▸ **Your goal**:
Among the entries below, copy only the span from the line containing "Вечерний электропоезд ЭД9М-0143" through the line containing "- 【Superior Quality". Do so exactly, and skip the pictures.

▸ **Records for the exercise**:
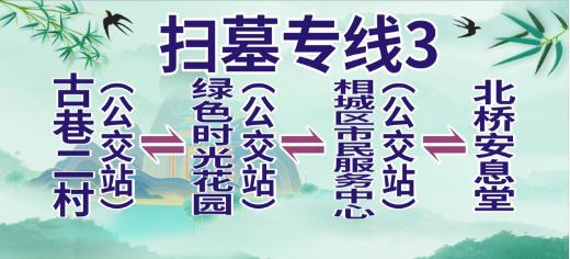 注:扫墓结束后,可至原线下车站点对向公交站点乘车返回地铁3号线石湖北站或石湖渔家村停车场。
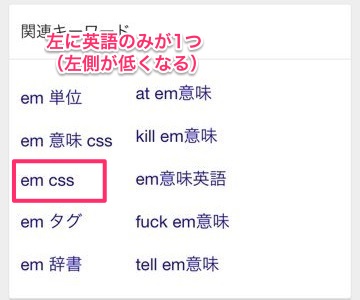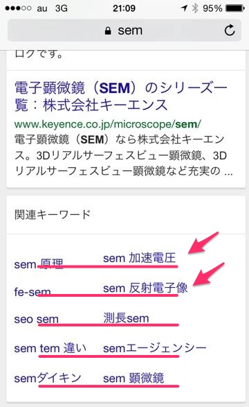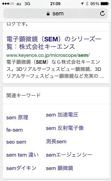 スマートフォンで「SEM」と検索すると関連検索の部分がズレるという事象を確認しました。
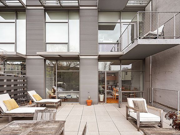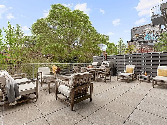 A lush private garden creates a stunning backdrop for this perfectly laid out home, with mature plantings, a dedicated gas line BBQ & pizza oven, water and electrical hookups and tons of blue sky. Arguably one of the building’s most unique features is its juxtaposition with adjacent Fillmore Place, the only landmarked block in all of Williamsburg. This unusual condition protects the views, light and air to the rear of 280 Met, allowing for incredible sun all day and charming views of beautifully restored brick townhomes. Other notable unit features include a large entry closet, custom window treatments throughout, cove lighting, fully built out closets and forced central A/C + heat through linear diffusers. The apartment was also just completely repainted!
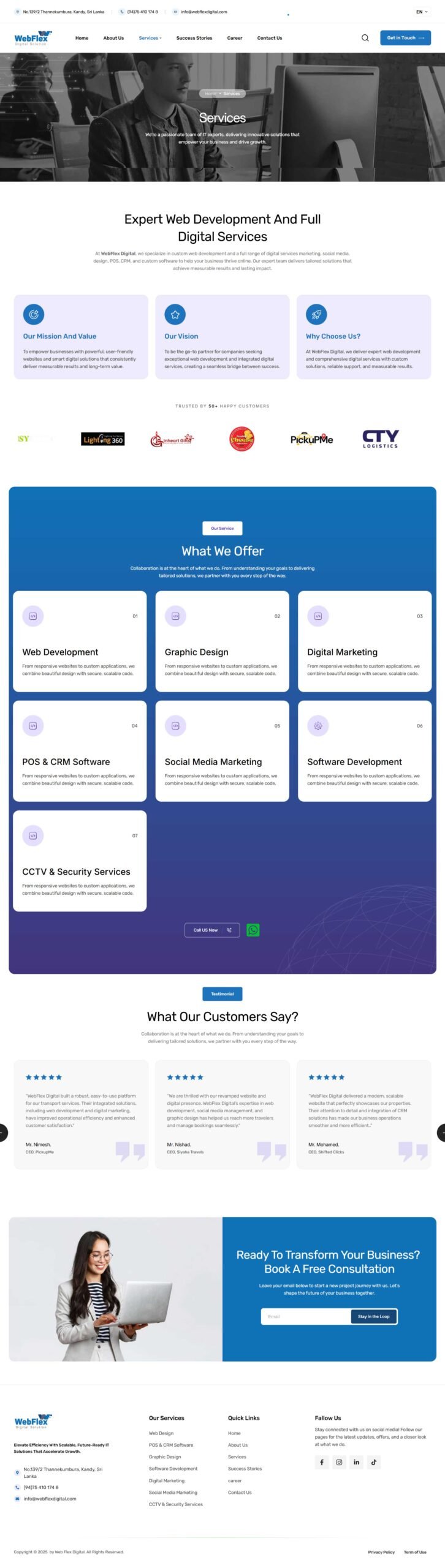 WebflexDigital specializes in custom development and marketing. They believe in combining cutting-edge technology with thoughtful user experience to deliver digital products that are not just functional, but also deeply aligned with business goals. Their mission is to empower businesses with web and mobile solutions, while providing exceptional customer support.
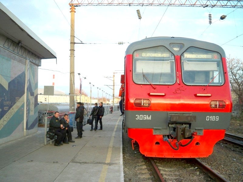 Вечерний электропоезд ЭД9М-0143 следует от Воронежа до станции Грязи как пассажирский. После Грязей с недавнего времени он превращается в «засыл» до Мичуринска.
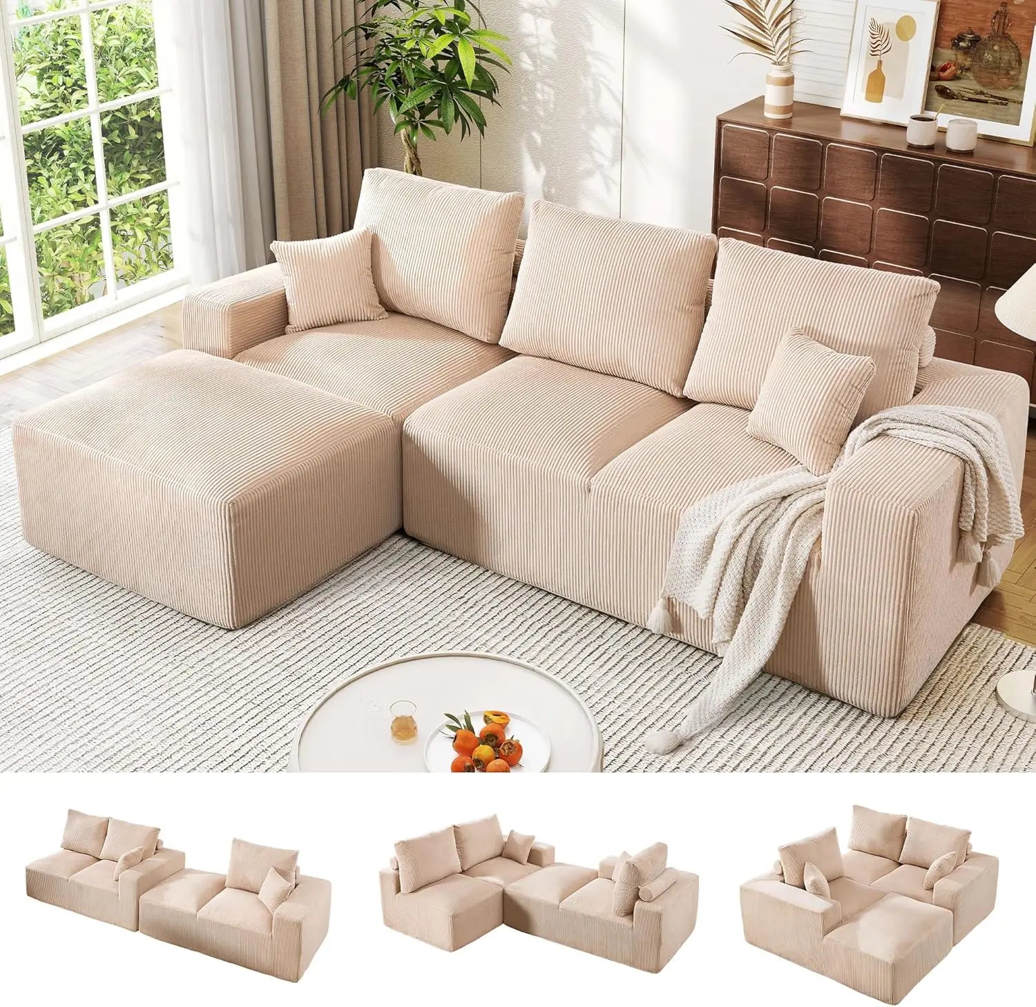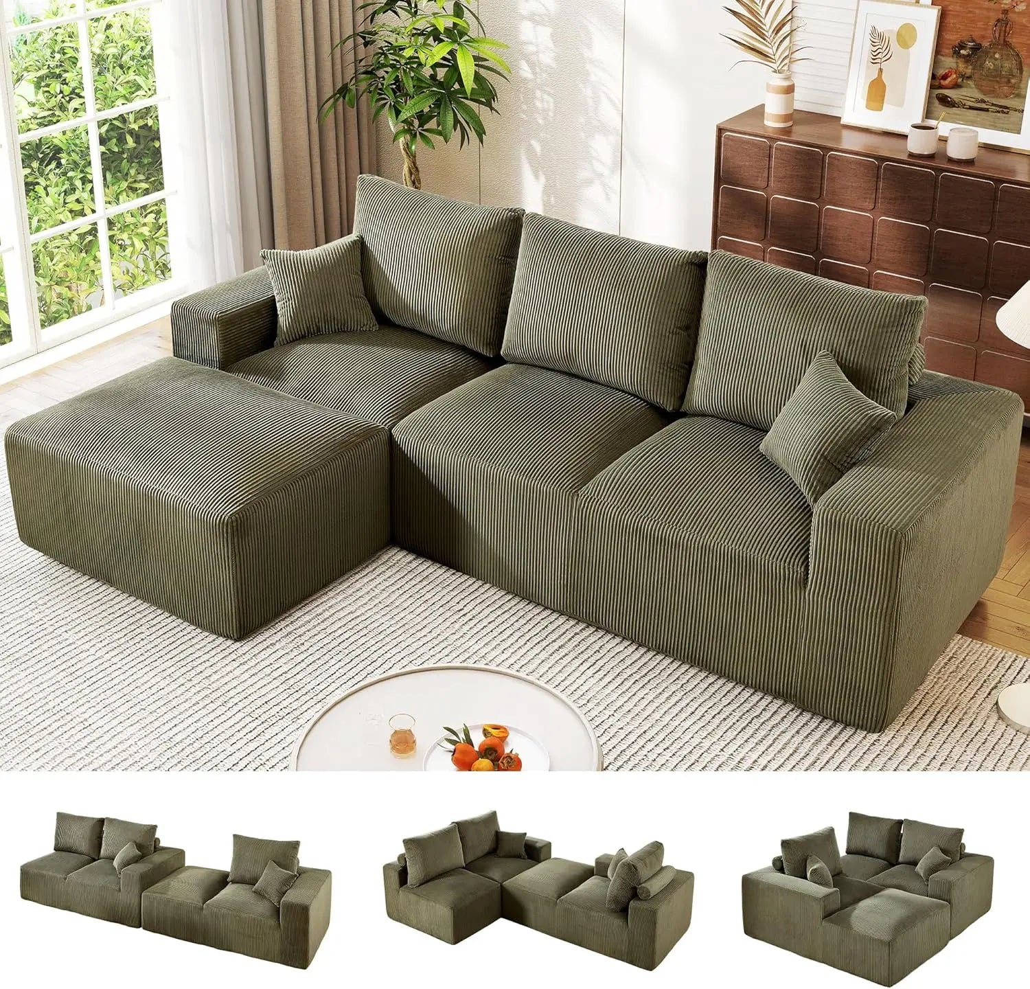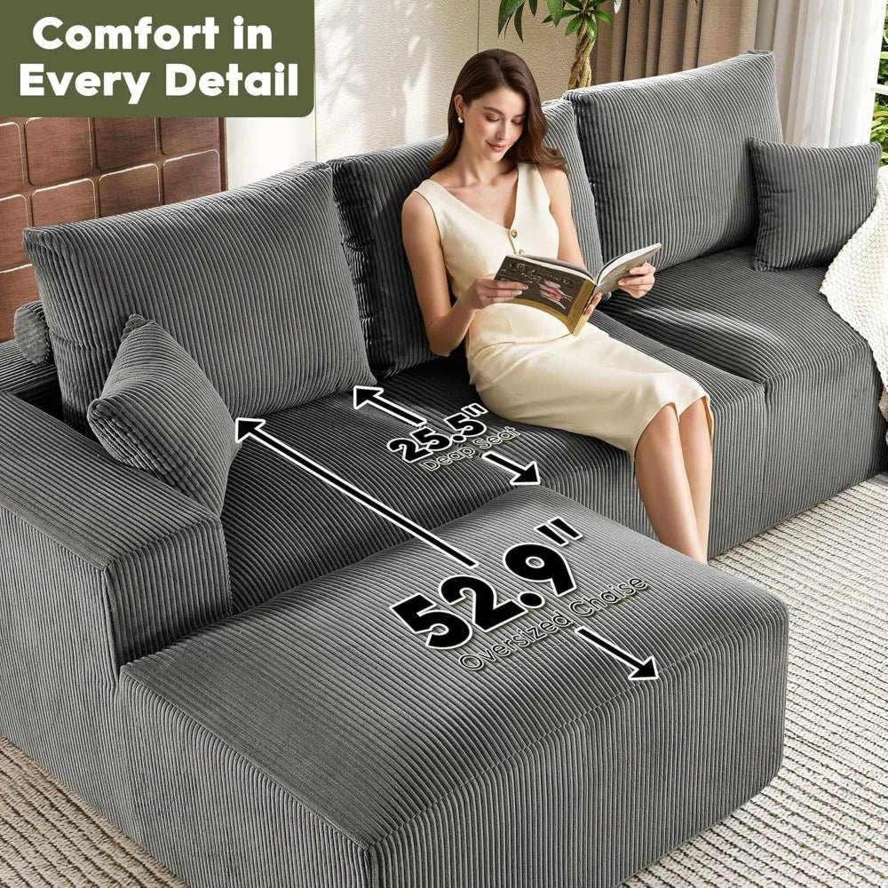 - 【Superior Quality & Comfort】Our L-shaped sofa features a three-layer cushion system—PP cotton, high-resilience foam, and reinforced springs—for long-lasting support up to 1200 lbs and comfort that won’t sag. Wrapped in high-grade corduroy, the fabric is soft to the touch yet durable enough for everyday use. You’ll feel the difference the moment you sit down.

--

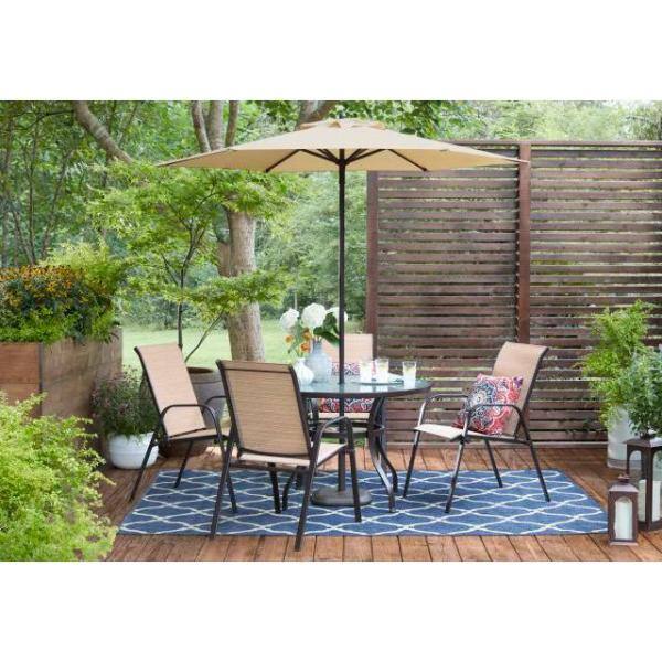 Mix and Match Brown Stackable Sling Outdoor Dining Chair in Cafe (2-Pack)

==

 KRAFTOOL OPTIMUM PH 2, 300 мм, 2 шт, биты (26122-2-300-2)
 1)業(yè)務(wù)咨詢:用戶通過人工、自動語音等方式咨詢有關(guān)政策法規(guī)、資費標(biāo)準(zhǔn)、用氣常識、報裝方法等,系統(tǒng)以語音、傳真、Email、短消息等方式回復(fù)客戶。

▸ **Output below**:
 Вечерний электропоезд ЭД9М-0143 следует от Воронежа до станции Грязи как пассажирский. После Грязей с недавнего времени он превращается в «засыл» до Мичуринска.
 - 【Superior Quality & Comfort】Our L-shaped sofa features a three-layer cushion system—PP cotton, high-resilience foam, and reinforced springs—for long-lasting support up to 1200 lbs and comfort that won’t sag. Wrapped in high-grade corduroy, the fabric is soft to the touch yet durable enough for everyday use. You’ll feel the difference the moment you sit down.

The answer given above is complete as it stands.